The nation’s fiscal trajectory is unsustainable. Policymakers should seek to stabilize the debt rather than demand balancing budgets or eliminating the debt entirely, and only bipartisan cooperation and solutions to these challenges will stand the test of time.

This blueprint offers a menu of policy proposals to both reduce the level of debt-to-gross domestic product (GDP) and win support from both parties. We protect taxpayer investments in programs that grow the economy and support workers and their families, while seeking spending reductions and tax increases that minimize distortions to the incentives to work, spend, save, and invest.
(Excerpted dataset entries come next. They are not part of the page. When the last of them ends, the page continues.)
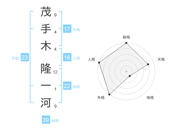 茂手木 隆一河さんを姓名の画数から五運を鑑定
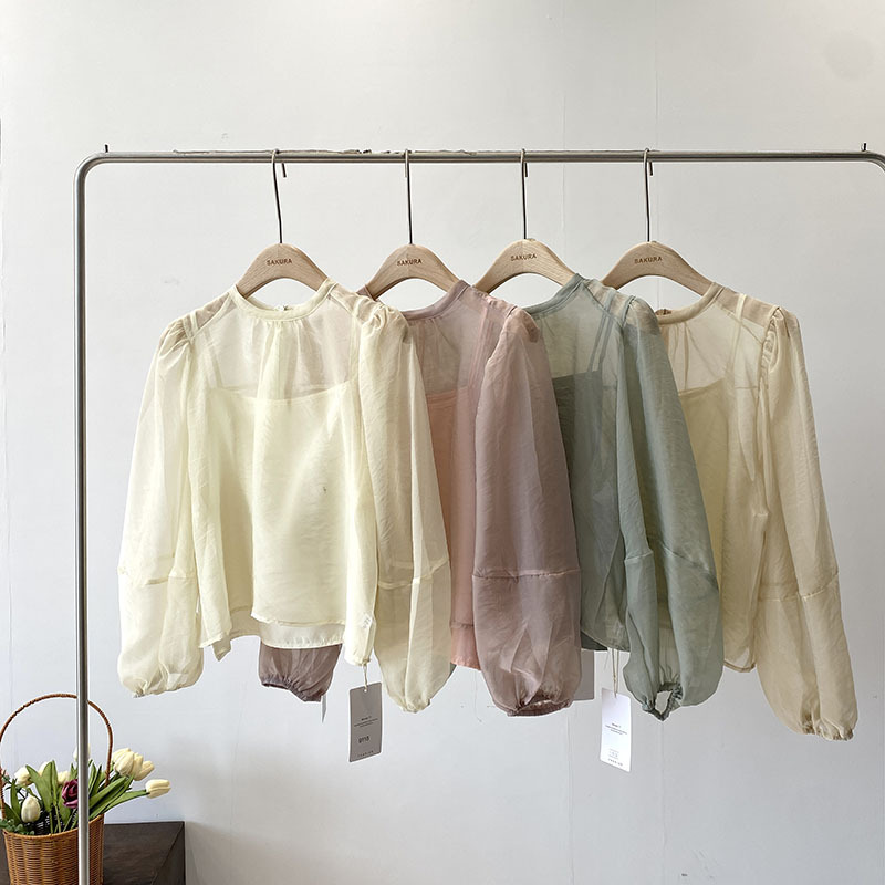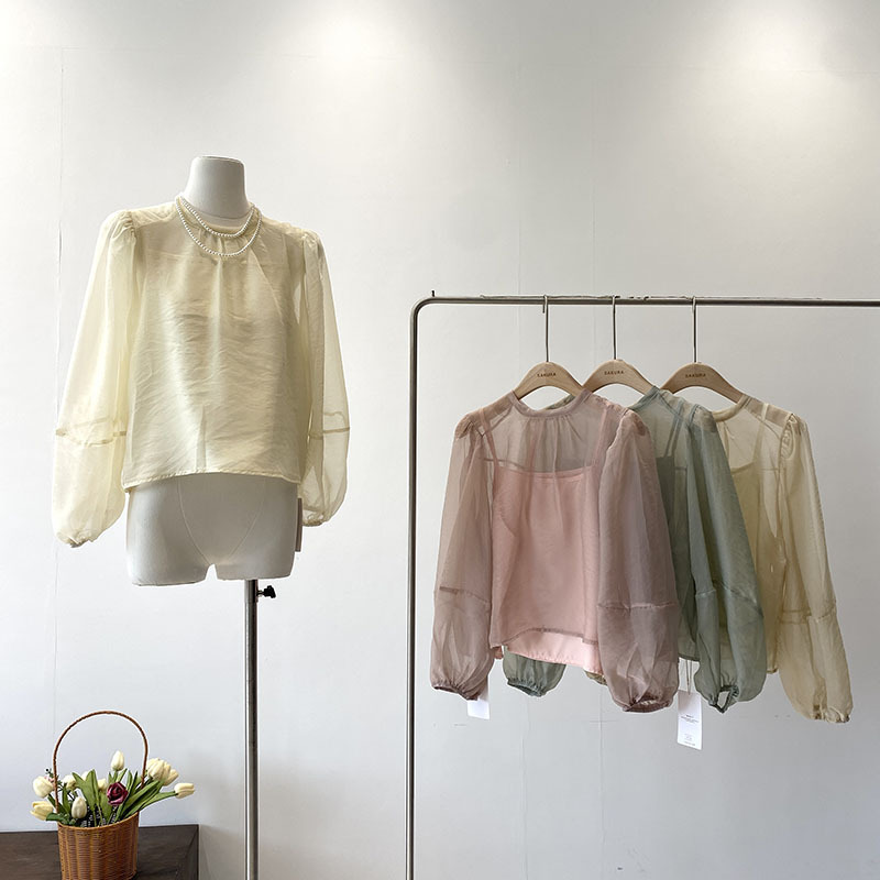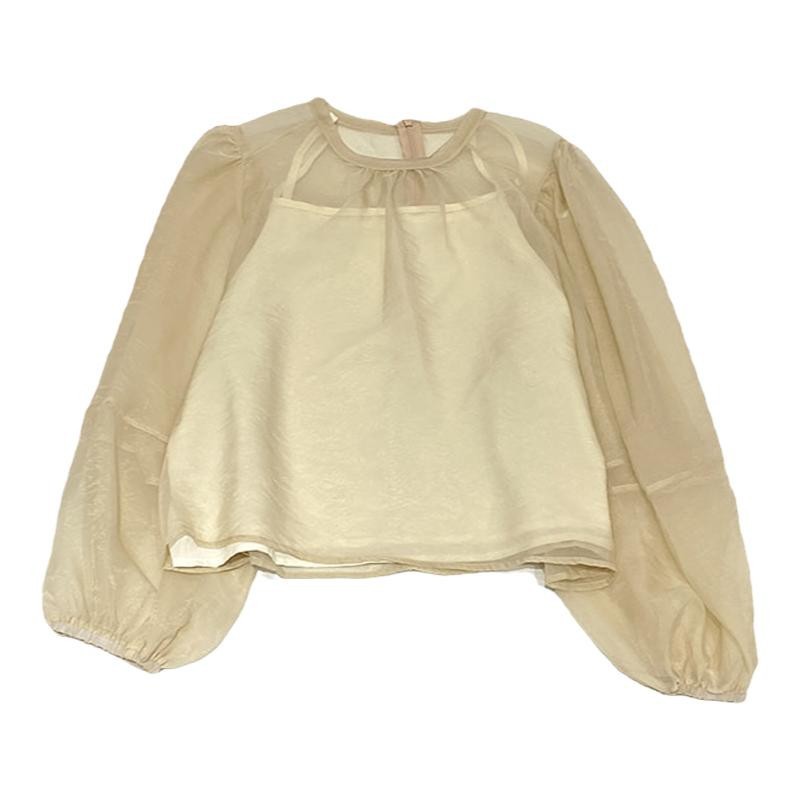 2024 Summer New French Micro-permeable Mesh Thin Puff Sleeve Lace Blouse Stacked Vest Two-piece Set
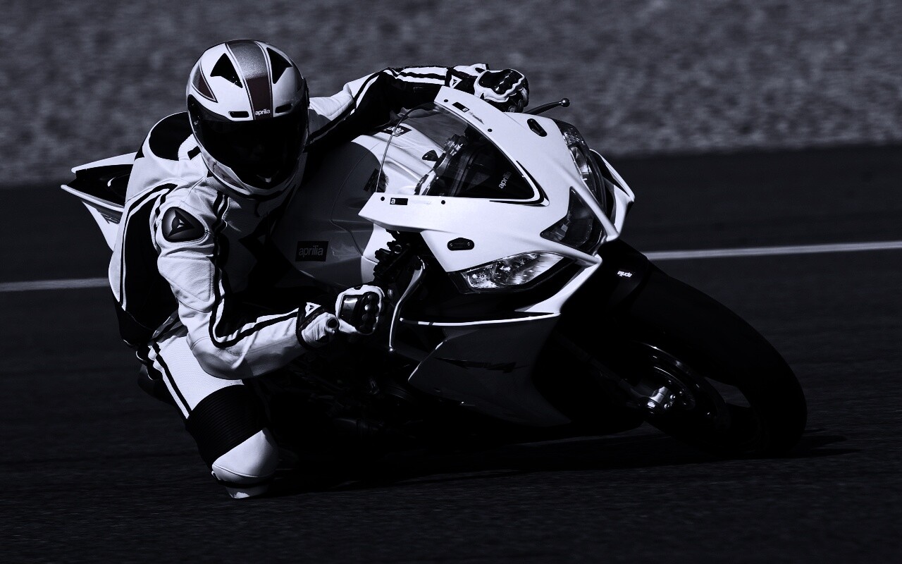 Обои для рабочего стола «Байкер в белой экиперовкена Априлия РСВ4» 1280х800 с фильтром gotham (оригинал 3200х2000)
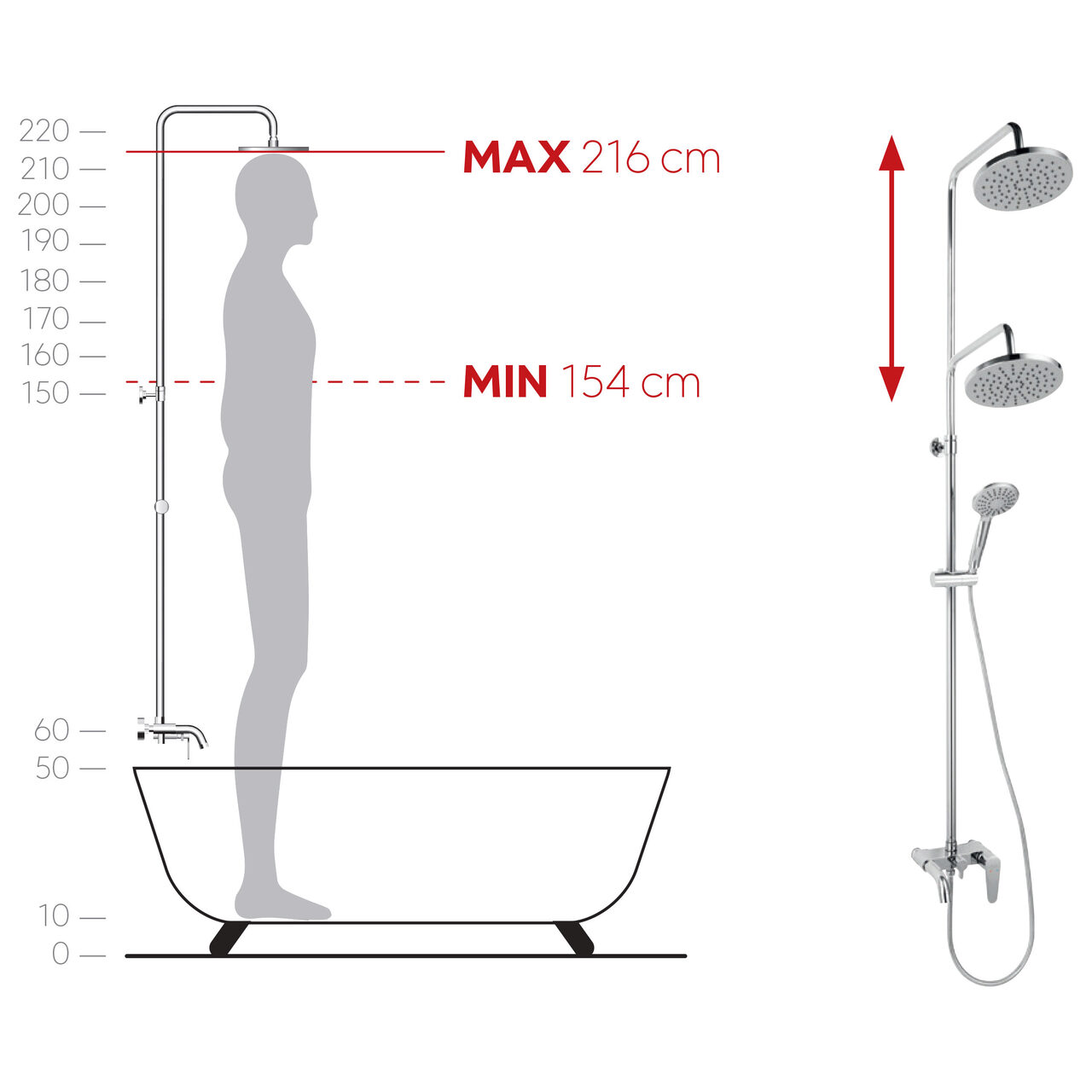 - Înălțime bară cap duș fix: 1076-1700 mm

Our combined proposals:

  • Increase revenue by $4.1 trillion over 10 years and $37.3 trillion over 30 years;
  • Reduce spending by $3.4 trillion over 10 years and $50.1 trillion over 30 years;
  • Reduce debt-to-GDP from its fiscal year 2024 level of 99 percent to 59 percent by FY 2054; and
  • Increase nominal GDP by $77.7 trillion over 30 years, 5 percent above the current baseline.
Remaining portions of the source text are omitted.